Work instructions: Take the lines below from the one with "Em função das" through the one with "Конструктор SLUBAN M38-B1265" and retype them exactly. Include nothing else, and no pictures.

Data section:
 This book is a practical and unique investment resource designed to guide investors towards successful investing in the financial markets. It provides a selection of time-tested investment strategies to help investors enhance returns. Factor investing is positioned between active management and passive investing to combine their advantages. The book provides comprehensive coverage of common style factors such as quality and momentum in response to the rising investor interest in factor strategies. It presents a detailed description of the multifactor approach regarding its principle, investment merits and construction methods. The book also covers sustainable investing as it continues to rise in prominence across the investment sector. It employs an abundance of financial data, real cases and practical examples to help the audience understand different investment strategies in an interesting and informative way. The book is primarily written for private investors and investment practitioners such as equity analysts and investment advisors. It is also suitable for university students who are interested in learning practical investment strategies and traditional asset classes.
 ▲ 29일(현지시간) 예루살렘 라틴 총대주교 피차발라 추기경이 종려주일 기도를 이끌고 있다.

...

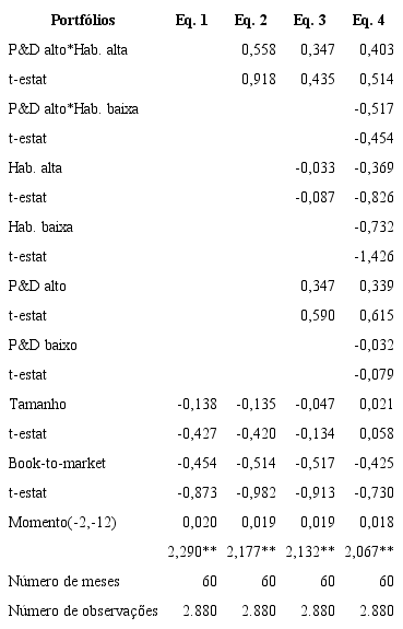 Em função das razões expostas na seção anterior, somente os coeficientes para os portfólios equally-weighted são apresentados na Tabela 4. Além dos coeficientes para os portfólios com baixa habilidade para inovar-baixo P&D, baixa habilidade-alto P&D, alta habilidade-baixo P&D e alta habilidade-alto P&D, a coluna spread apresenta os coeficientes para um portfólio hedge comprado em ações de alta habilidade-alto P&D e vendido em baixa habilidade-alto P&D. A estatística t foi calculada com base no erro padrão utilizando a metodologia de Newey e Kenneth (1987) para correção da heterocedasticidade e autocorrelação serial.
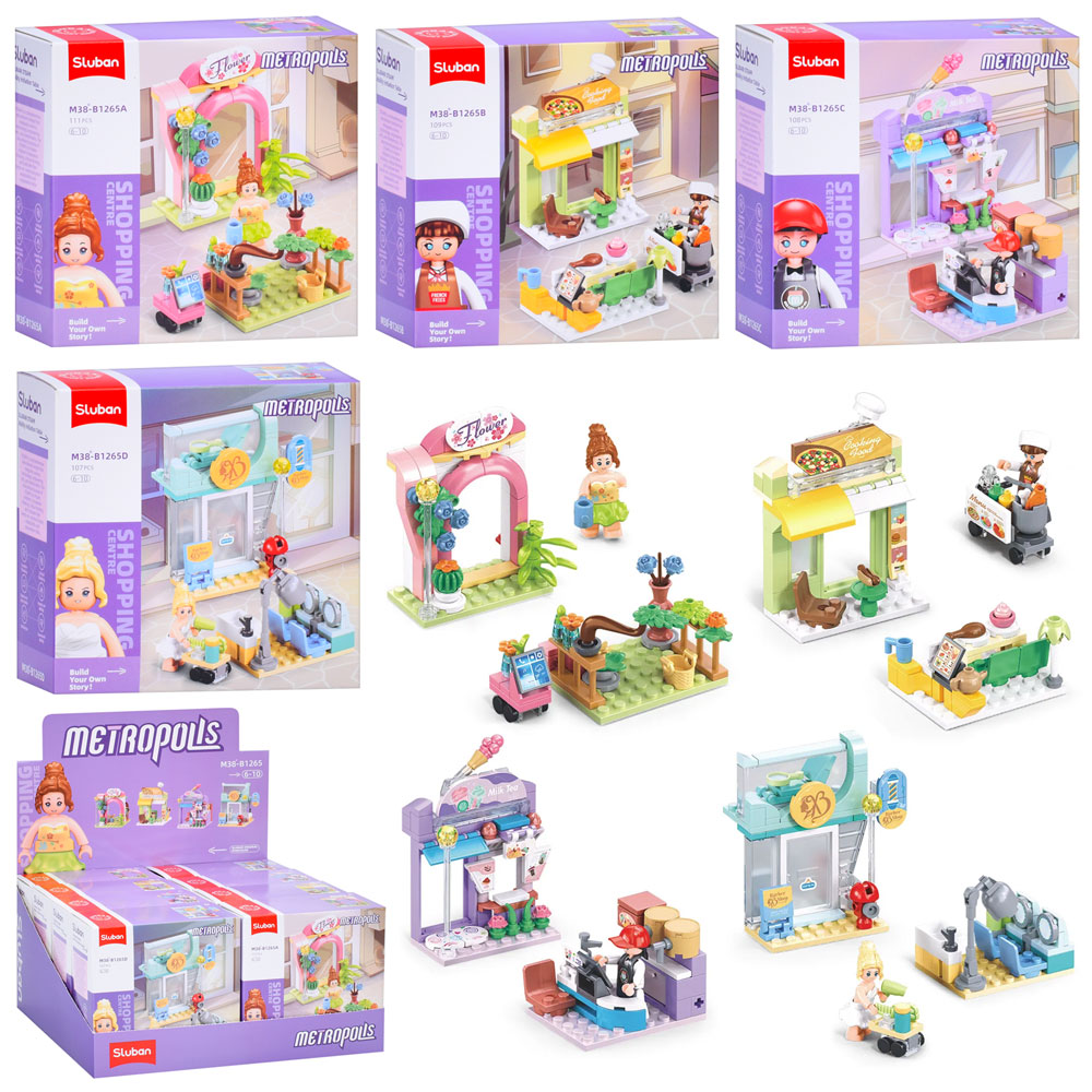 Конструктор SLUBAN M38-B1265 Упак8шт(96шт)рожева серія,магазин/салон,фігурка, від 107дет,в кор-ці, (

Task output:
 Em função das razões expostas na seção anterior, somente os coeficientes para os portfólios equally-weighted são apresentados na Tabela 4. Além dos coeficientes para os portfólios com baixa habilidade para inovar-baixo P&D, baixa habilidade-alto P&D, alta habilidade-baixo P&D e alta habilidade-alto P&D, a coluna spread apresenta os coeficientes para um portfólio hedge comprado em ações de alta habilidade-alto P&D e vendido em baixa habilidade-alto P&D. A estatística t foi calculada com base no erro padrão utilizando a metodologia de Newey e Kenneth (1987) para correção da heterocedasticidade e autocorrelação serial.
 Конструктор SLUBAN M38-B1265 Упак8шт(96шт)рожева серія,магазин/салон,фігурка, від 107дет,в кор-ці, (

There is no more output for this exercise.